About this task:
Look through the records below for the line with "This Knife from". Return that line and each one after it up to and including the line with "園庭にも落ちているのですが、", exactly.

Source material:
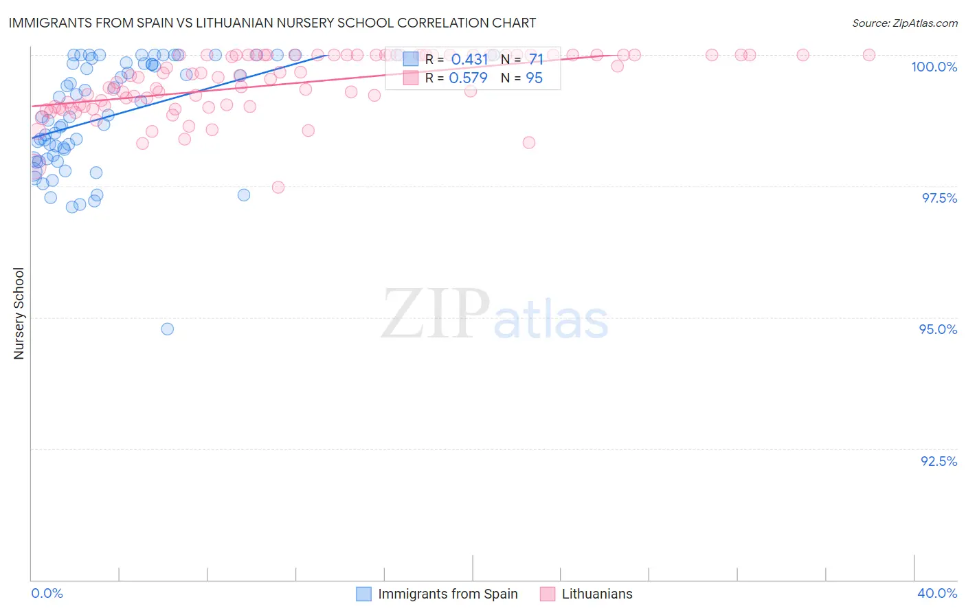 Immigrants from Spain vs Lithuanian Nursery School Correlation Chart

--

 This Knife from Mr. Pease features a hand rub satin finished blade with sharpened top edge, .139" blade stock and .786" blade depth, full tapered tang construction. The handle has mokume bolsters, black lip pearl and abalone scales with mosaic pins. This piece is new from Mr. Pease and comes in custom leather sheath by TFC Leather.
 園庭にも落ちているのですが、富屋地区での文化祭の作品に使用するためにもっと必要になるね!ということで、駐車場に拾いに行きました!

---

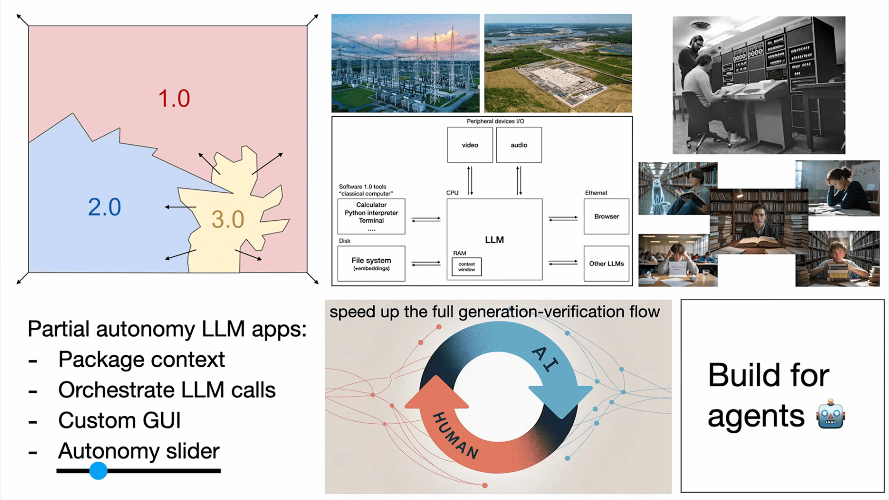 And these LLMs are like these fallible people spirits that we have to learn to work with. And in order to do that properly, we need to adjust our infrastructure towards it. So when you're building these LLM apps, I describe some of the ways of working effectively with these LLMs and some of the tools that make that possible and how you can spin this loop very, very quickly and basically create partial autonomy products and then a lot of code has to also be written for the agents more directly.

Solution below:
 This Knife from Mr. Pease features a hand rub satin finished blade with sharpened top edge, .139" blade stock and .786" blade depth, full tapered tang construction. The handle has mokume bolsters, black lip pearl and abalone scales with mosaic pins. This piece is new from Mr. Pease and comes in custom leather sheath by TFC Leather.
 園庭にも落ちているのですが、富屋地区での文化祭の作品に使用するためにもっと必要になるね!ということで、駐車場に拾いに行きました!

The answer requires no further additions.